God causes his sun to rise on the evil and the good,
And sends rain on the righteous and the unrighteous. (Matthew 5:45)

So this weather isn’t a punishment.
The spoiling of the crop,
the extra time it takes to harvest what we can,
the extra cost of drying it,
the poor quality,
the low price
It’s not a punishment;
it’s just the way things are from time to time.

In a way it ought to be a relief for farmers to come back to complaints about the weather.
It would be a relief if that was the only worry.
But other factors are still operating.
And decisions still have to be made.
Like, ‘What is the best land use under the single farm payment scheme?’
How do we weigh it up with so many unknowns?
Unknown costs, unknown prices, unknown weather, unknown harvests.
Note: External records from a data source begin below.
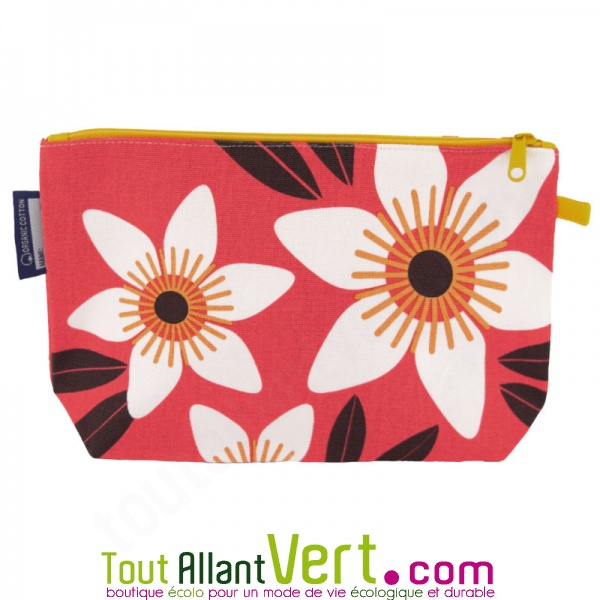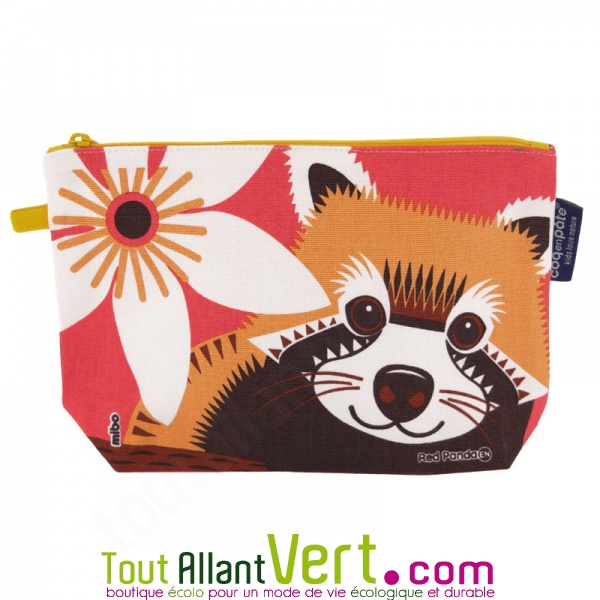 de Coq en PâteGrande trousse en Coton bio. Avec un soufflet de 6 cm, idéal pour ranger tout ce qu'il faut pour l'école. Motif Panda Roux et fleur sur fond rouge. Finitions soignées et résistantes. Fermée par une fermeture éclair jaune. 13 x 22 cm. Marque Coq en Pâte.
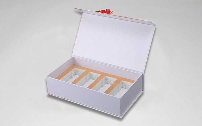 1.材質:盒子面紙用白色珠光紙,彩色印刷,裱1500G雙灰闆,盒子内托用白色EVA植絨橘色。盒子制作比較簡單,翻蓋盒,機器自動話制作。
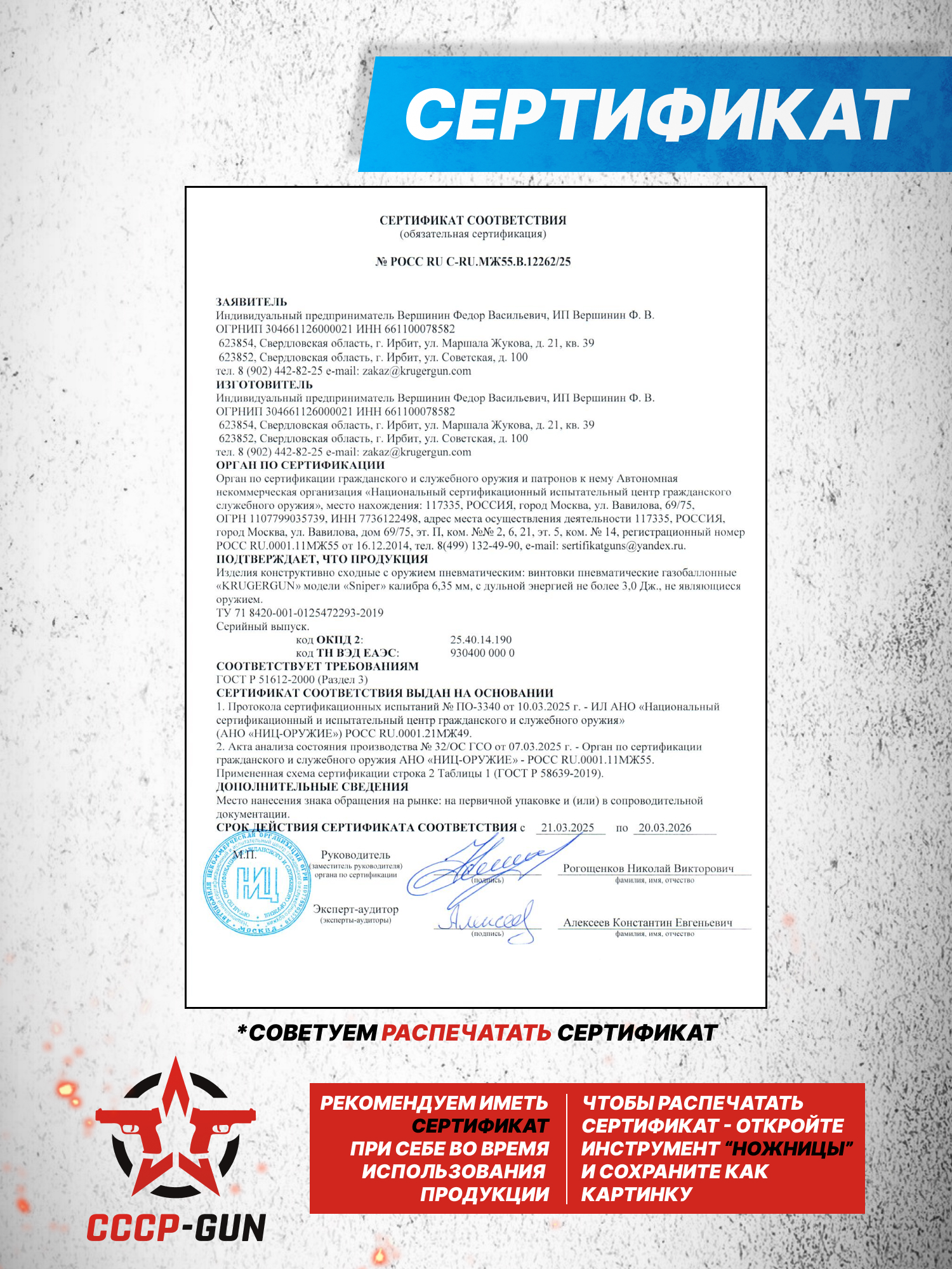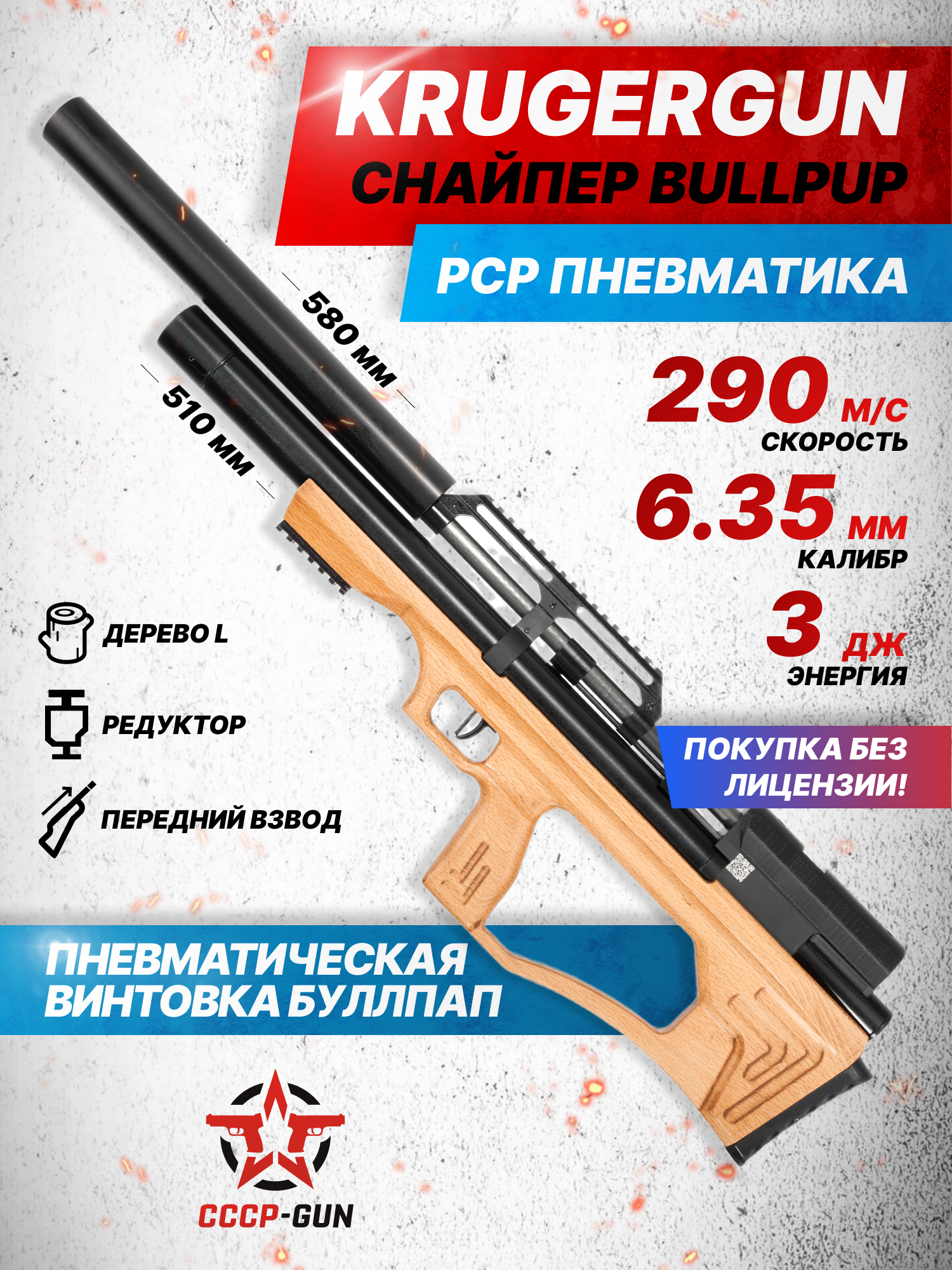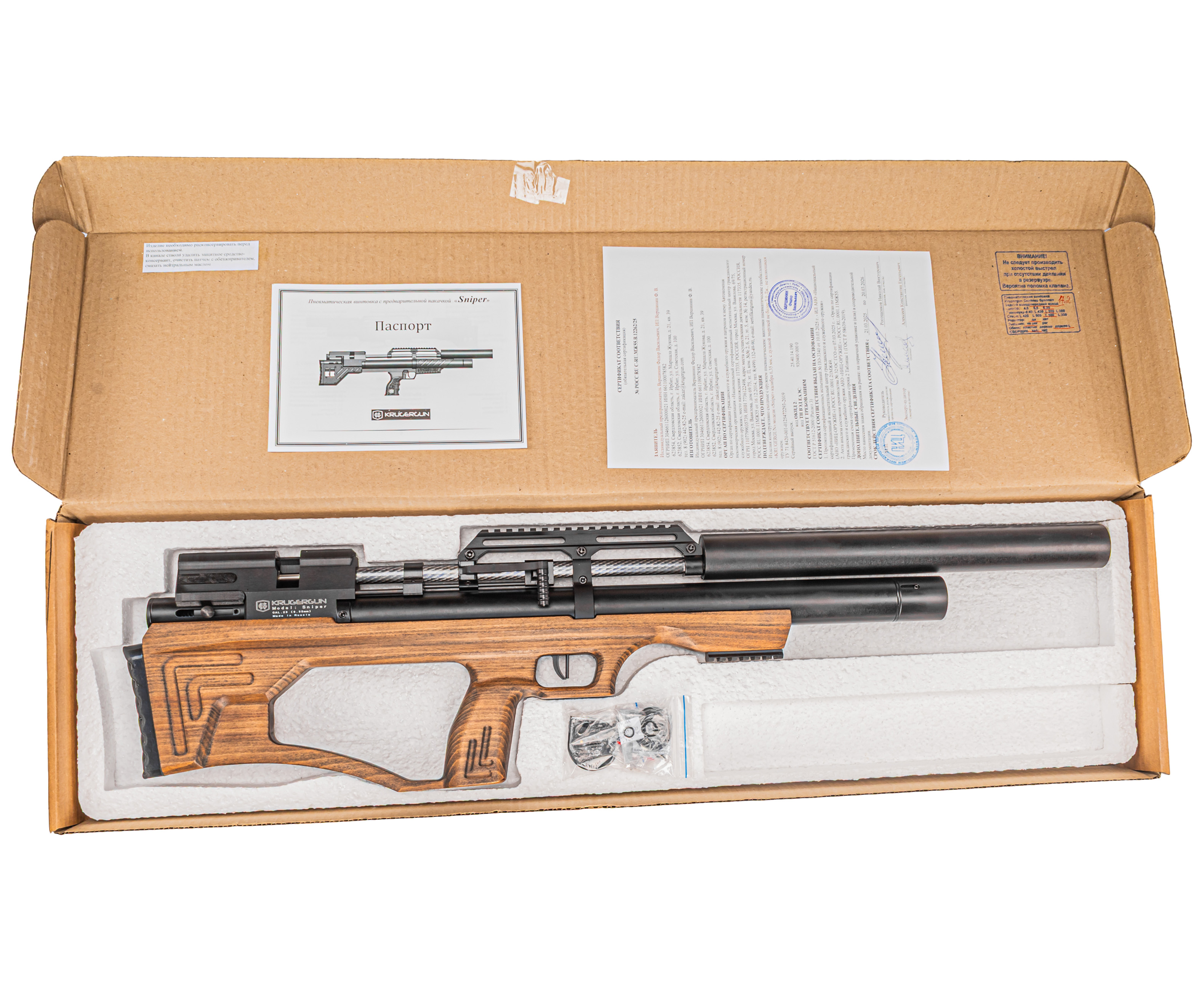 Купить РСР Крюгера Снайпер может каждый стрелок без оформления специализированных лицензий и разрешений, так как мощность воздушки ограничена изготовителем до предела 3 Дж, что сделано для соблюдения действующих в России законов о пневматическом оружии. Винтовки KrugerGun Снайпер 6.35 мм буллпап, которые поступают в руки стрелков США и Европы таких ограничений не имеют и мощность выстрела из воздушки дает разогнать свинцовый снаряд до 290 м/с.

When God did use rain as a punishment -
Noah and all that -
there was a safe place for the few
and a rainbow at the end.

In this rain there is safety for the many of our land -
the world market means food for the supermarket shelves
even if it has been taken from the plates of the world’s poor.
It’s the small band of producers who are afraid of being wiped out.

What about a rainbow for them?
DEFRA likes to paint their reforms in rainbow colours:
Decoupled payments to produce a sustainable future for the farming industry.
It sounds good in principal
but how does it work out if other countries are travelling by different paths at different speeds?

Do I hear again the shouts of diversify?
Boat building?
A visitor attraction like a menagerie?
That made an impact for Noah ...
but it only lasted him for a year.

The rainbow for farmers will have to have variety to cover a wide spectrum,
it will have to be bright and beautiful,
…. and visible to many who have lost the will to look up.

Meanwhile. Rain.

    Heavenly Father,
    Thank you that you give us our daily bread.
    Thank you for those whose work produces the harvest
    and whose livelihood depends upon it.
    Support them through their frustrations
    and guide them in their decisions.
    Bless them and their families;
    in Jesus’ name. Amen.

©2004 Tony Ingleby


Please look at the Arthur Rank Centre and British Food fortnight websites for ideas to help you plan your Harvest Festival event.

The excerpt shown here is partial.